--- START ---

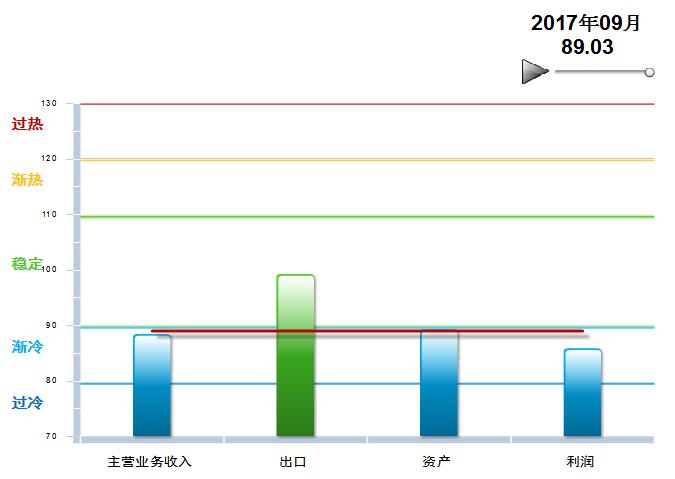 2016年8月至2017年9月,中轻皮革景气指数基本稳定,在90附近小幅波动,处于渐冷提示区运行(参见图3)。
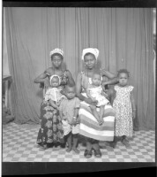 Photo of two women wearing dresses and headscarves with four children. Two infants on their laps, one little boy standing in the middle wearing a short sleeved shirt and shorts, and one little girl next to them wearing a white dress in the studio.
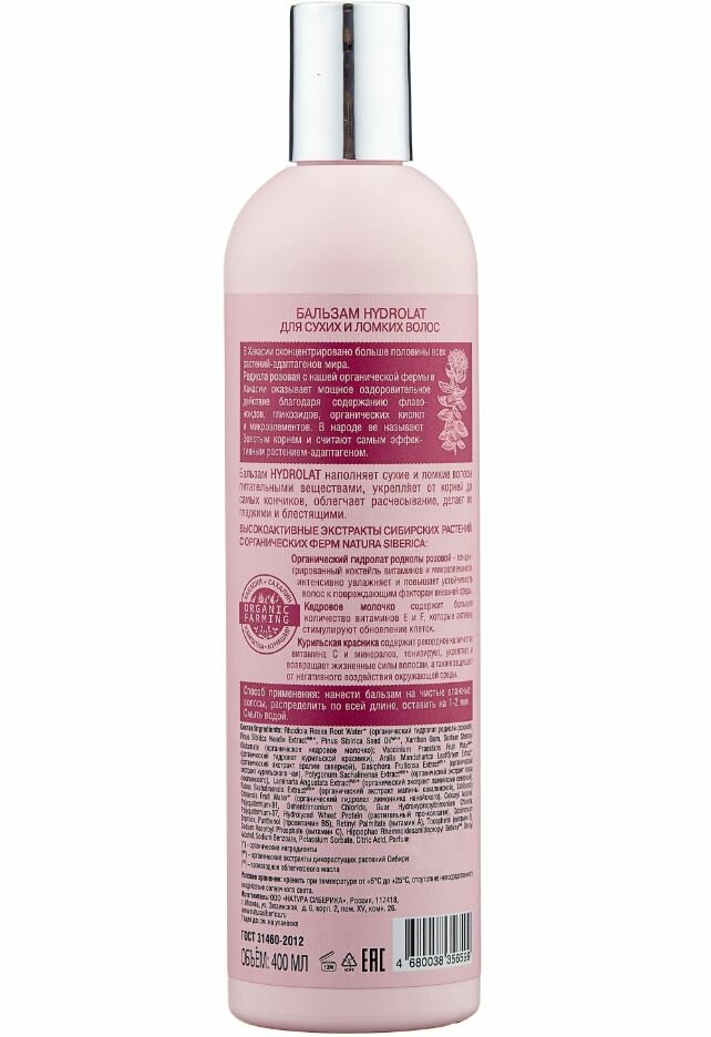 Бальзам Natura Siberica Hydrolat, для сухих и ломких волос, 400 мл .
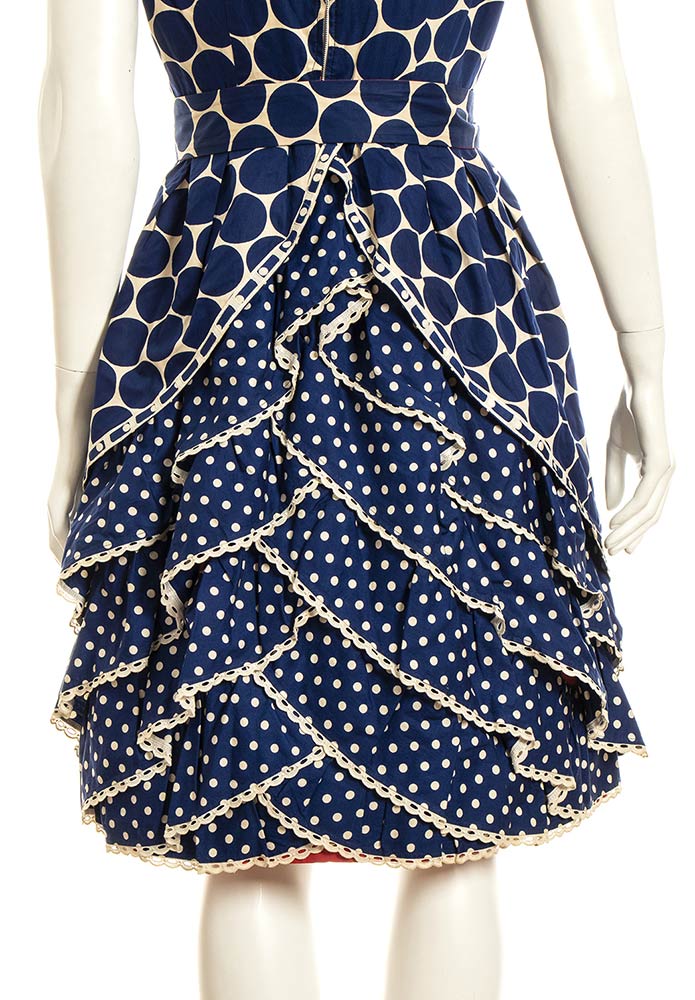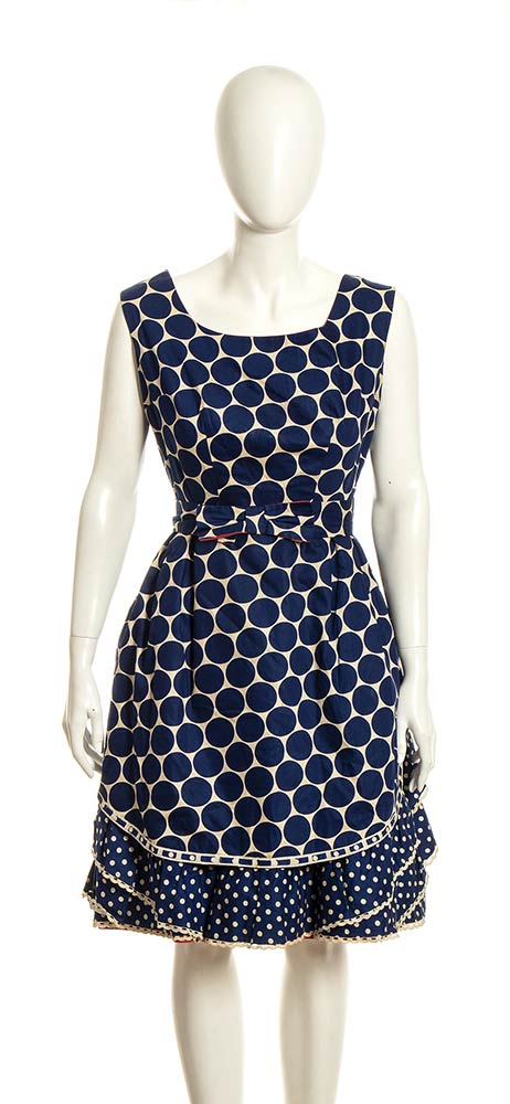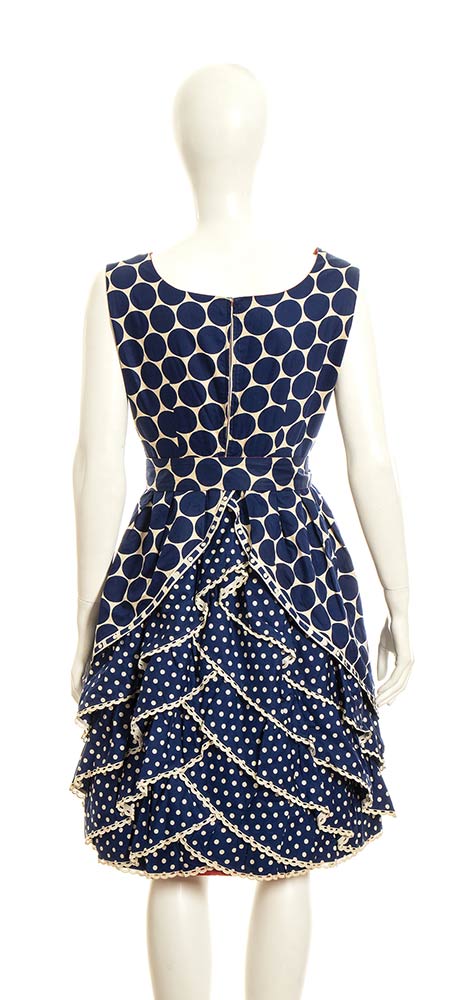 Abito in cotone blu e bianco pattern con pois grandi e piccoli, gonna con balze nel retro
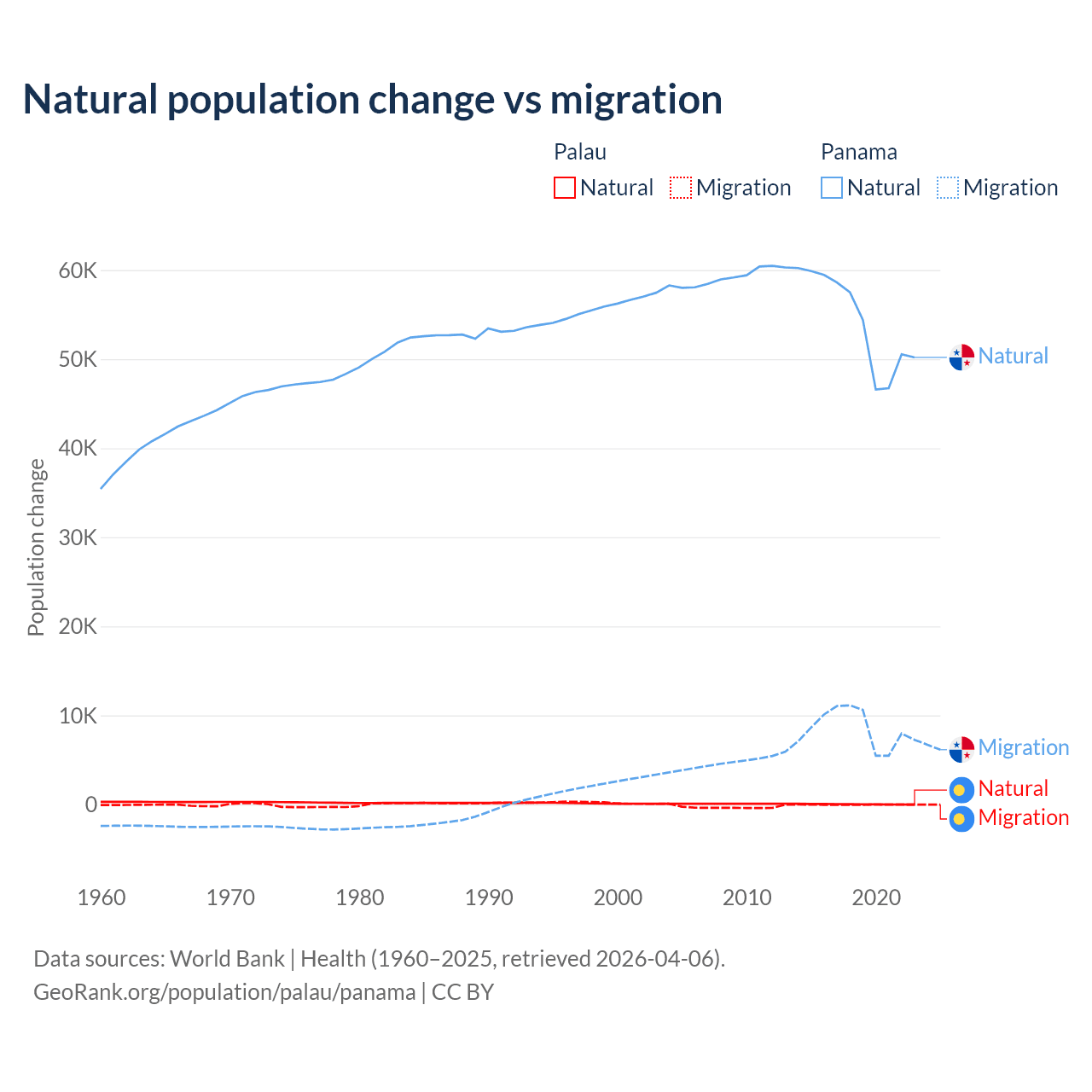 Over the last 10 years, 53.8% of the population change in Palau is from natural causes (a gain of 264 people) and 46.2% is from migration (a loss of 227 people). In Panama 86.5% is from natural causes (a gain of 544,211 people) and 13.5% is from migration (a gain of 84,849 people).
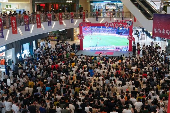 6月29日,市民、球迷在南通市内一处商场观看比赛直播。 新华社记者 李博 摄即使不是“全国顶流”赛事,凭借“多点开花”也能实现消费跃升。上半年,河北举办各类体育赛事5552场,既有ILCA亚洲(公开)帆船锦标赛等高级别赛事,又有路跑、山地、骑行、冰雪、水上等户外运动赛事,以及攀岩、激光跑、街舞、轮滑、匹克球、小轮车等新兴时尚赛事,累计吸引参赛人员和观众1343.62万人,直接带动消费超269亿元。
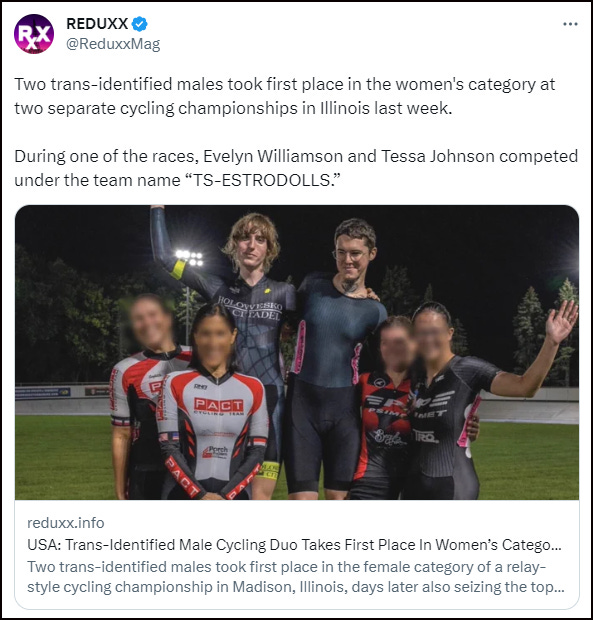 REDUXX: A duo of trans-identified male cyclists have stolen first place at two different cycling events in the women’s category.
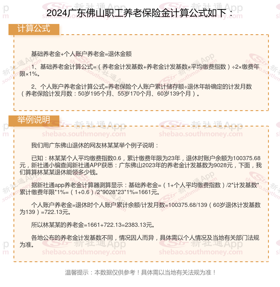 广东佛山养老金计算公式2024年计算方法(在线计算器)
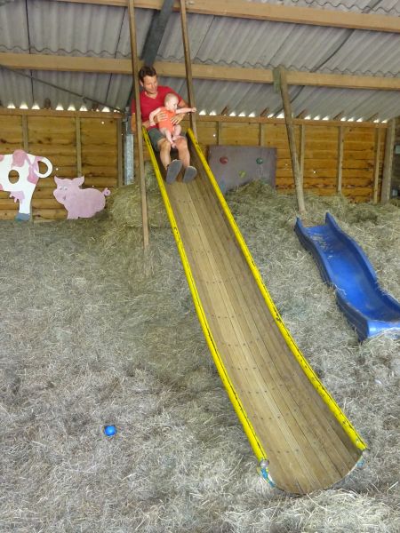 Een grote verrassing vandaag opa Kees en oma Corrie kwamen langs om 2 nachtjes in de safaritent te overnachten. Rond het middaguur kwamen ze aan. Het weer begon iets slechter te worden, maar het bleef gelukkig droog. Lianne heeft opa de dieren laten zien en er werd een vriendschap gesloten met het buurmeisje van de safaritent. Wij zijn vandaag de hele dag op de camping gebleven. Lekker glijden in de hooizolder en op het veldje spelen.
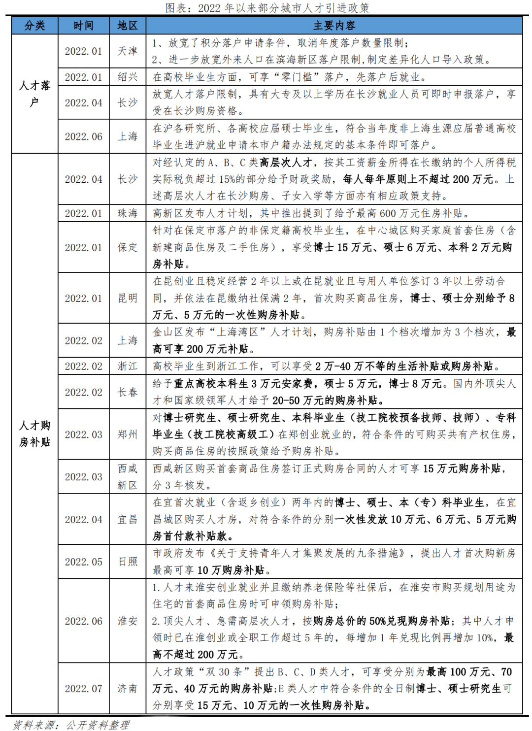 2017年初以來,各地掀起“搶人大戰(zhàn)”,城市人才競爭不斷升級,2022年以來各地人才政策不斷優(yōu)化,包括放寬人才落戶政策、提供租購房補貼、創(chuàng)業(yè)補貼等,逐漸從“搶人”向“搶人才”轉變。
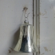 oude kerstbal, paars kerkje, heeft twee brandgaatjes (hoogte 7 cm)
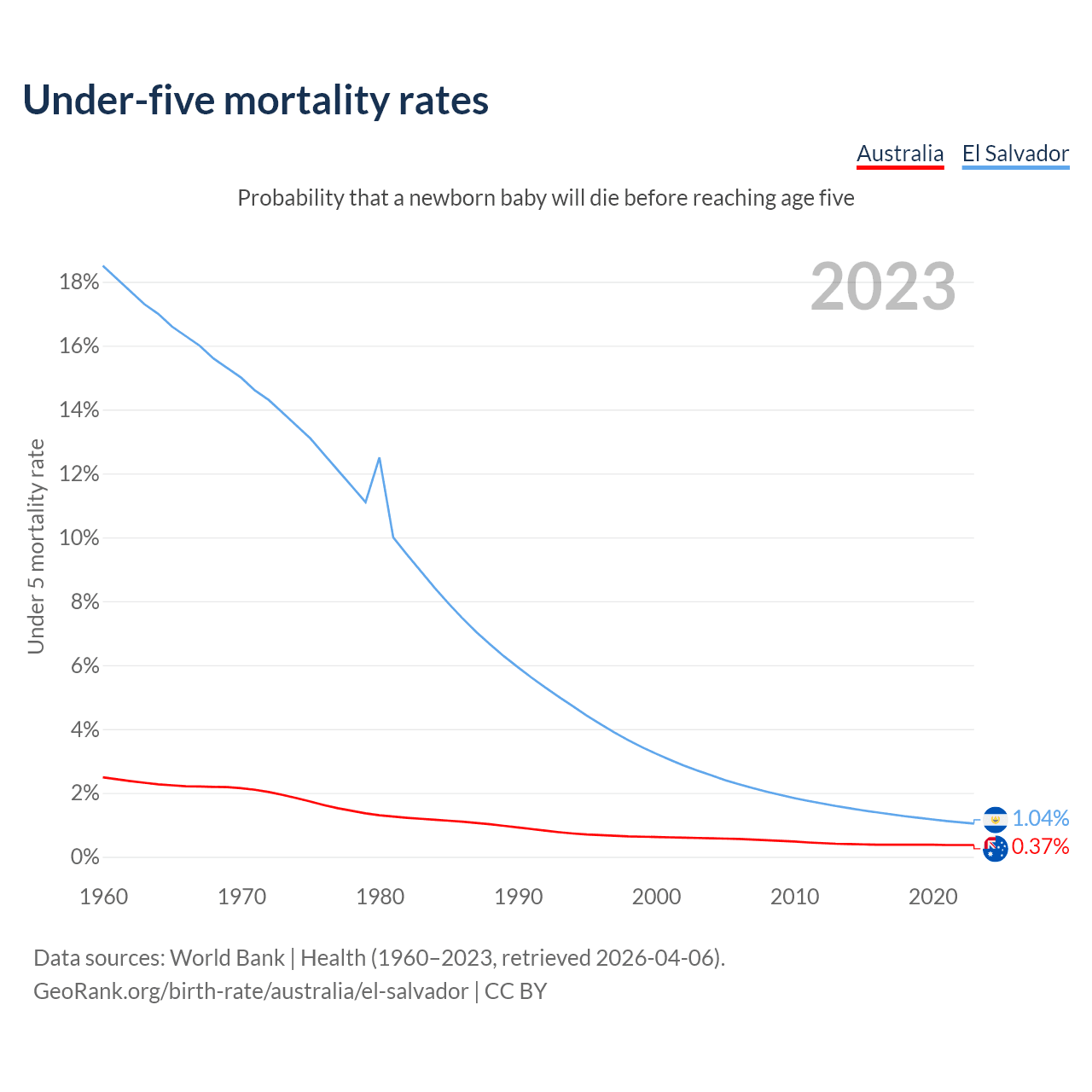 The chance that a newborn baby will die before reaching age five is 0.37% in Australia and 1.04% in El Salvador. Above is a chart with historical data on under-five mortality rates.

--- END ---

* [Instructions for the task]
Your answer must be the lines above from the one holding "Бальзам Natura Siberica" up to and including the one holding "Abito in cotone", exact and with no pictures.

* [Answer box]
 Бальзам Natura Siberica Hydrolat, для сухих и ломких волос, 400 мл .
 Abito in cotone blu e bianco pattern con pois grandi e piccoli, gonna con balze nel retro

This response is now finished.